The original Blade Runner has an overarching narrative that ends up being fairly simple. It sends Deckard off on a breadcrumb-quest to ‘retire’ replicants. It is a movie shaped as much by its style and themes as it is by the plot, which compliments the minimalistic approach.
And although 2049 finds its narrative built off the foundation laid out by the original, it is more ambitious, and far less repetitive in its investigative approach, and has more than one aspect of the movie to follow at once. It retains specific mysteries while creating new ones, and manages to do a good job standing alone.
One main aspect of the 2049 that falls short of the original is the score. Vangelis created a synth-driven, jazzy score that stood out as a main element. It still stands peerless in the sci-fi genre in comparison to the approach Villeneuve took.

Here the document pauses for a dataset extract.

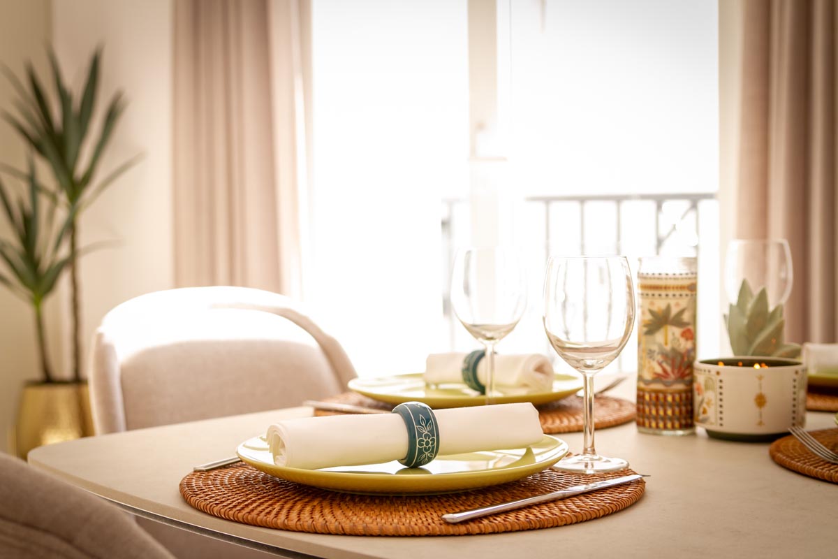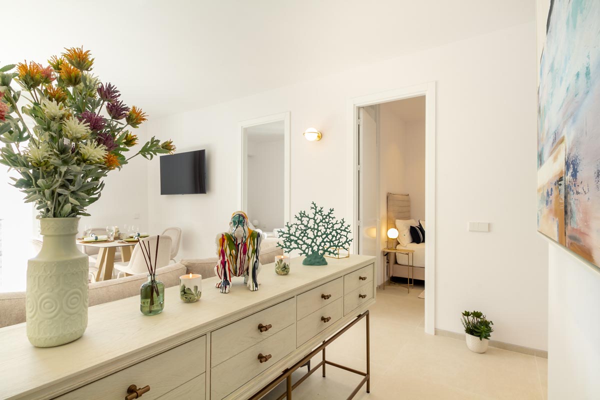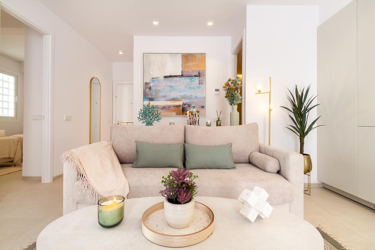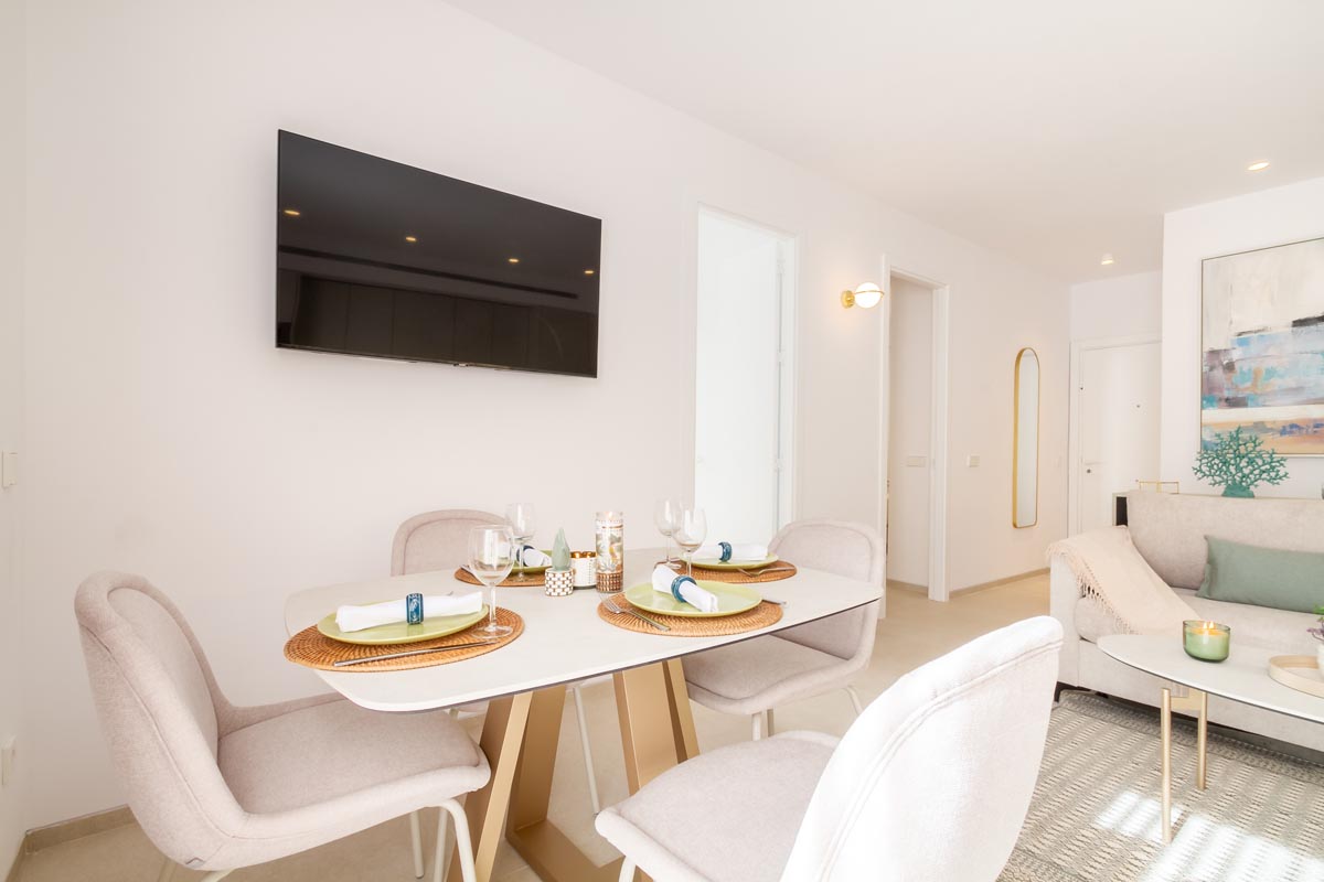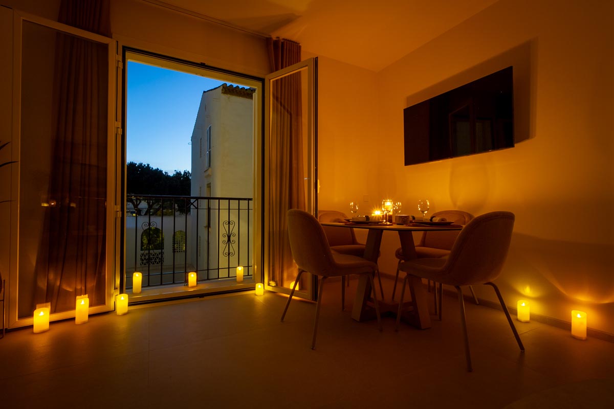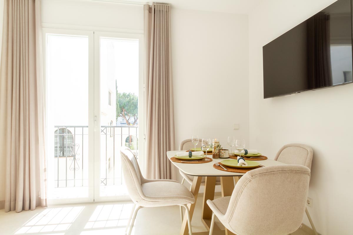 Desde la sala de estar, tienes vistas a la ventana que da al exterior de la urbanización. Este rincón especial te permitirá relajarte mientras disfrutas del momento previo a la cena, después de un bellísimo día de playa.

Although just like in his recent work in Dunkirk, Hans Zimmer's composition references the original 1982 score whilst subtly forming its own being. The singular thumping gunshot percussion that opens the 1982 film is present and beats through this film like a foreboding advance of fate as other themes reoccur to recreate a sense of melancholy and loss. Zimmer is perfectly able to honour the original score, while placing his own signature, bombastic mark on the film.

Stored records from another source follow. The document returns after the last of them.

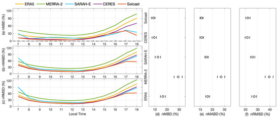 - Lu, L.; Ma, Q. Diurnal Cycle in Surface Incident Solar Radiation Characterized by CERES Satellite Retrieval. Remote Sens. 2023, 15, 3217. [Google Scholar] [CrossRef]
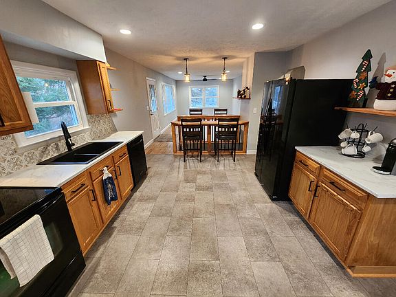 Completely renovated 3 bed 1 bath ranch style home with deeded lake access to Kenyon Lake within walking distance. Open concept floor plan with large living room and huge kitchen. New tile flooring in kitchen and beautiful hardwood oak flooring throughout the rest of the home. Gorgeous oak cabinets in the kitchen, with an abundance of counter space. Large full basement for additional storage and rec room. Newer siding, windows, roof and doors. Home sits on .75 acres and includes an attached 1 car garage, a large utility shed, plus a newly added detached 2 car pole barn. Move in ready, all appliances included.
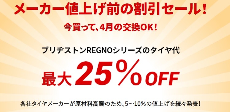 値上前緊急セール!ブリヂストンREGNOシリーズが数量限定で安い!
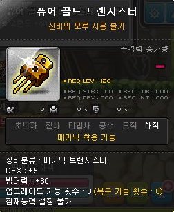 퓨어 골드 트랜지스터는 메카닉 직업군만 사용할 수 있는
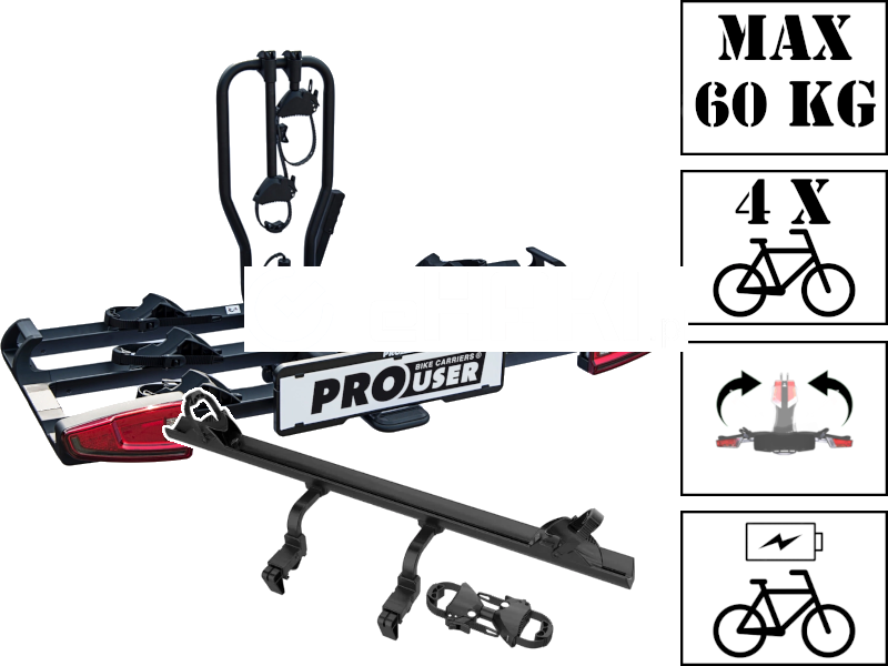 Bagażnik PROUSER Diamant FG3 LED Black to wysokiej klasy platforma rowerowa montowana na hak holowniczy, zaprojektowana z myślą o wygodzie, bezpieczeństwie i funkcjonalności. Jest to limitowana edycja popularnego modelu Diamant FG3, wyróżniająca się eleganckim, czarnym wykończeniem.
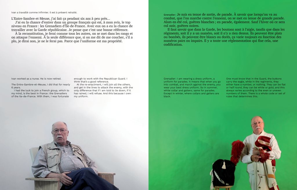 A sa façon finement subversive, l’artiste nous offre un voyage dans les archives, et la parole, faisant entendre les mots de Brigitte, pédicure médicale, et « rechercheuse », de Carl, tailleur de pierres, « reconstitueur », du Caporal Bistouille, caporal au deuxième régiment d’infanterie de ligne, 3e bataillon de fusiliers, et de quelques autres, faisant le spectacle.
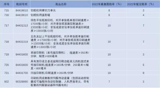 表1 《部分信息技術(shù)產(chǎn)品最惠國(guó)稅率表》與印刷設(shè)備器材相關(guān)的調(diào)整 1、印刷版材、印前設(shè)備類產(chǎn)品最惠國(guó)關(guān)稅繼續(xù)為零 在2019年7月1日之后,“激光照排片(任何一邊超過(guò)255mm),用紙、紙板及紡織物以外任何材料制成”“PS版(預(yù)涂感光版)(任何一邊超過(guò)255mm),用紙、紙板及紡織物以外任何材料制成”“CTP版”“柔性印刷版”等印刷版材類產(chǎn)品實(shí)施的最惠國(guó)稅率已經(jīng)為零;“鑄字機(jī)”“計(jì)算機(jī)直接制版設(shè)備”“其他制版機(jī)器、器具及設(shè)備”“其他鑄字、制版用機(jī)器、器具及設(shè)備”等印前設(shè)備類產(chǎn)品實(shí)施的最惠國(guó)稅率也已經(jīng)為零。2022年全年,以上產(chǎn)品實(shí)施的最惠國(guó)稅率依然為零。 2、數(shù)字印刷設(shè)備類產(chǎn)品關(guān)稅普遍下降超過(guò)1個(gè)百分點(diǎn),部分產(chǎn)品維持零關(guān)稅 在2021年7月1日以后,“可以網(wǎng)絡(luò)連接的噴墨印刷機(jī)”“可以網(wǎng)絡(luò)連接的靜電照相印刷機(jī)(激光印刷機(jī))”“可以網(wǎng)絡(luò)連接的其他數(shù)字印刷設(shè)備”等數(shù)字印刷設(shè)備類產(chǎn)品實(shí)施的最惠國(guó)稅率均已降為零。2022年全年,以上產(chǎn)品實(shí)施的最惠國(guó)稅率依然為零。 在2022年7月1日之前,“其他獨(dú)立的噴墨印刷機(jī)”“其他獨(dú)立的靜電照相印刷機(jī)(激光印刷機(jī))”“其他獨(dú)立的數(shù)字印刷設(shè)備”等數(shù)字印刷設(shè)備類產(chǎn)品實(shí)施的最惠國(guó)稅率均為2.0%,但在2022年7月1日以后,這些產(chǎn)品的關(guān)稅將再下降1個(gè)百分點(diǎn),到1.0%。 3、印刷設(shè)備零配件及輔助設(shè)備關(guān)稅維持零關(guān)稅 除印刷版材類產(chǎn)品、印前設(shè)備類產(chǎn)品實(shí)施的最惠國(guó)稅率為零,數(shù)字印刷類產(chǎn)品的實(shí)施的最惠國(guó)稅率持續(xù)下降外,一些傳統(tǒng)和數(shù)字印刷設(shè)備的零配件、輔助設(shè)備等,繼續(xù)維持零關(guān)稅。 綜上,在《部分信息技術(shù)產(chǎn)品最惠國(guó)稅率表》中,除“其他獨(dú)立的噴墨印刷機(jī)”“其他獨(dú)立的靜電照相印刷機(jī)(激光印刷機(jī))”“其他獨(dú)立的數(shù)字印刷設(shè)備”等數(shù)字印刷設(shè)備類產(chǎn)品外,其余與印刷設(shè)備與器材相關(guān)的產(chǎn)品在2022年全年維持零關(guān)稅。 二、《進(jìn)口商品暫定稅率表》中印刷相關(guān)產(chǎn)品稅率的調(diào)整 根據(jù)最新發(fā)布的《進(jìn)口商品暫定稅率表》顯示,與印刷設(shè)備及器材相關(guān)的部分產(chǎn)品在2022年1月1日以后,最惠國(guó)稅率沒(méi)有調(diào)整,保持穩(wěn)定(見(jiàn)下表)。

Blade Runner 2049 is not the film audiences have grown accustomed to watching. The pace occasionally puts the plot in the foreground and some story elements are introduced only to drift away to the land of potential sequels. It can easily be misunderstood because it requires consistent attention, a markedly different experience then the action movies we have grown accustomed to watching that feature little more than intervaled explosion scenes. But Villeneuve has managed to create a thoughtful piece of sci-fi, which surpasses the gravitational pull of its inspiration to become a vast improvement of Blade Runner.